Details
-
Bug
-
Status: Resolved
-
Minor
-
Resolution: Won't Fix
-
Impala 2.5.0
-
None
Description
For fixed length char column the query issued to compute the statistics tried to calculate Max and Average column length which is already known from the column data type.
Query issued
SELECT NDV(l_orderkey) AS l_orderkey, CAST(-1 as BIGINT), MAX(length(l_orderkey)), AVG(length(l_orderkey)) FROM tpch_3000_parquet.l_orderkey_char_11
Table schema
describe tpch_3000_parquet.l_orderkey_char_11;
+------------+----------+---------+
| name | type | comment |
+------------+----------+---------+
| l_orderkey | char(11) | |
+------------+----------+---------+
Table statistics, not clean why the Avg size is not 11, I guess an overflow might be happening somewhere as row count is 18 Billion.
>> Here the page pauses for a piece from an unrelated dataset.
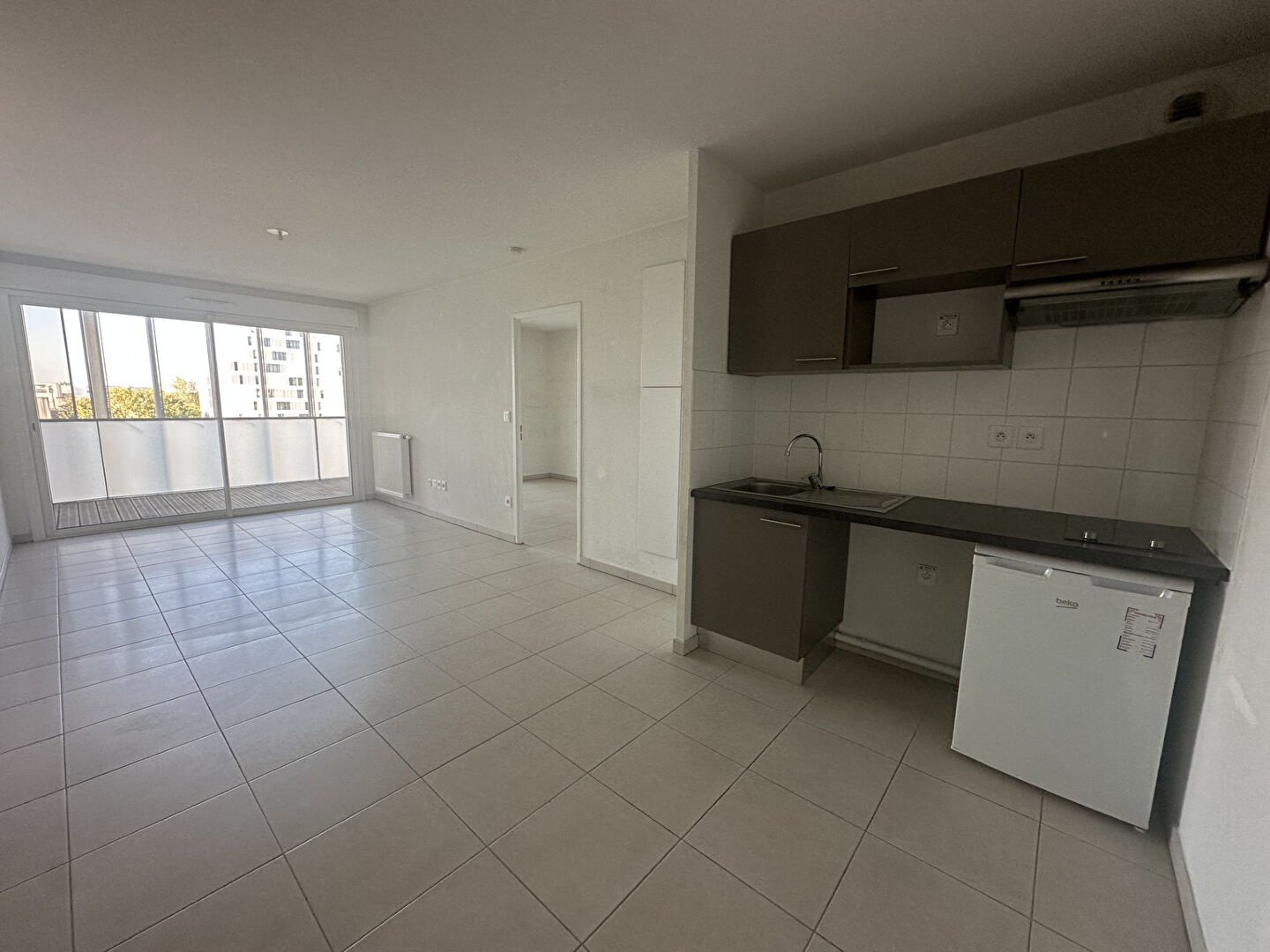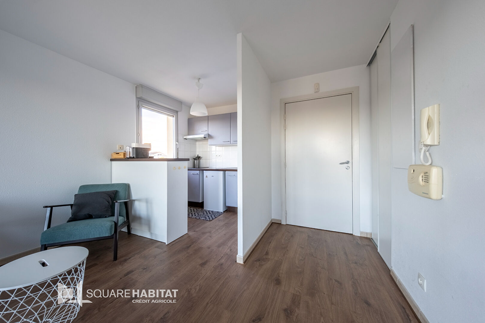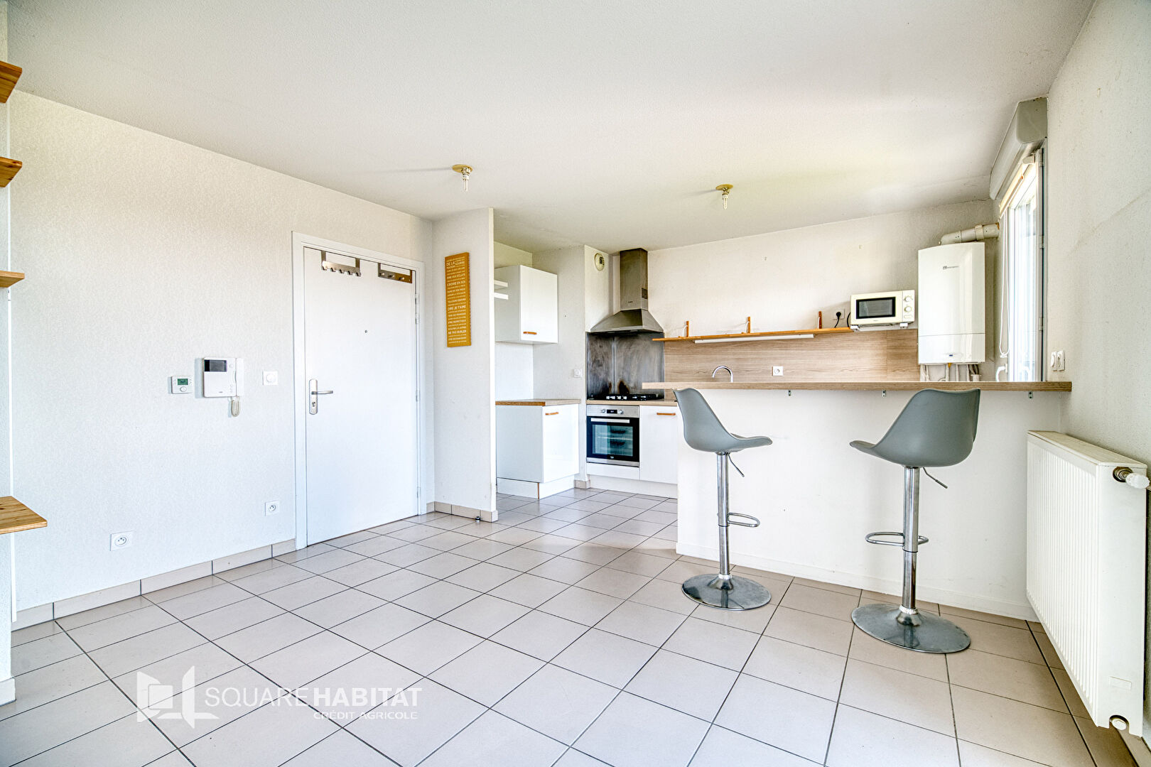 L'appartement se compose d'une entrée donnant sur le séjour avec son coin cuisine.

+------------+----------+------------------+--------+----------+-------------------+ | Column | Type | #Distinct Values | #Nulls | Max Size | Avg Size | +------------+----------+------------------+--------+----------+-------------------+ | l_orderkey | CHAR(11) | 4525097984 | -1 | 11 | 10.38269996643066 | +------------+----------+------------------+--------+----------+-------------------+